🤖 AI Summary
To address the scarcity of labeled data for event cameras, this paper proposes a cross-modal unsupervised domain adaptation framework that transfers knowledge from a well-annotated frame-based image domain to an unlabeled event-domain. Methodologically, it introduces the first adversarial learning framework integrating self-supervised representation alignment with non-redundant conditional constraints—ensuring both source-target feature alignment and explicit modeling of discriminative modality-specific characteristics between frames and events. The technical pipeline comprises three key components: cross-modal (event-frame) representation learning, adversarial domain adaptation, and non-redundant conditional modeling.

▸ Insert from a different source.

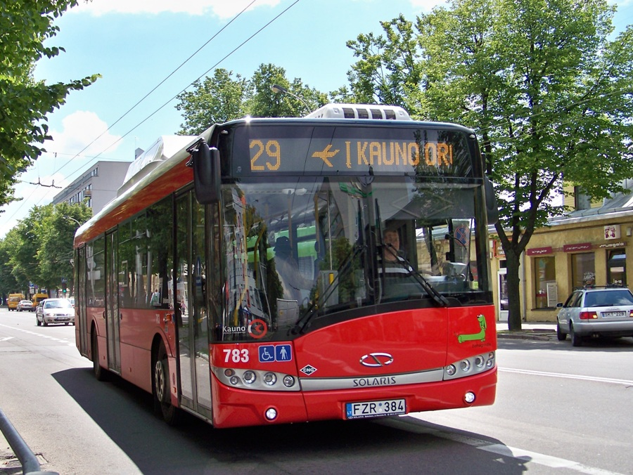 Solaris Urbino 12 CNG bus (#783, reg. FZR 384) in Lithuania. Built 2012, UAB Kauno autobusai (KA) from Kaunas operator.

Evaluated on two standard event-camera benchmarks, the method achieves significant improvements over existing state-of-the-art approaches, demonstrating superior effectiveness and robustness in cross-modal domain transfer.
📝 Abstract
Event-based cameras provide accurate and high temporal resolution measurements for performing computer vision tasks in challenging scenarios, such as high-dynamic range environments and fast-motion maneuvers. Despite their advantages, utilizing deep learning for event-based vision encounters a significant obstacle due to the scarcity of annotated data caused by the relatively recent emergence of event-based cameras. To overcome this limitation, leveraging the knowledge available from annotated data obtained with conventional frame-based cameras presents an effective solution based on unsupervised domain adaptation. We propose a new algorithm tailored for adapting a deep neural network trained on annotated frame-based data to generalize well on event-based unannotated data. Our approach incorporates uncorrelated conditioning and self-supervised learning in an adversarial learning scheme to close the gap between the two source and target domains. By applying self-supervised learning, the algorithm learns to align the representations of event-based data with those from frame-based camera data, thereby facilitating knowledge transfer.Furthermore, the inclusion of uncorrelated conditioning ensures that the adapted model effectively distinguishes between event-based and conventional data, enhancing its ability to classify event-based images accurately.Through empirical experimentation and evaluation, we demonstrate that our algorithm surpasses existing approaches designed for the same purpose using two benchmarks. The superior performance of our solution is attributed to its ability to effectively utilize annotated data from frame-based cameras and transfer the acquired knowledge to the event-based vision domain.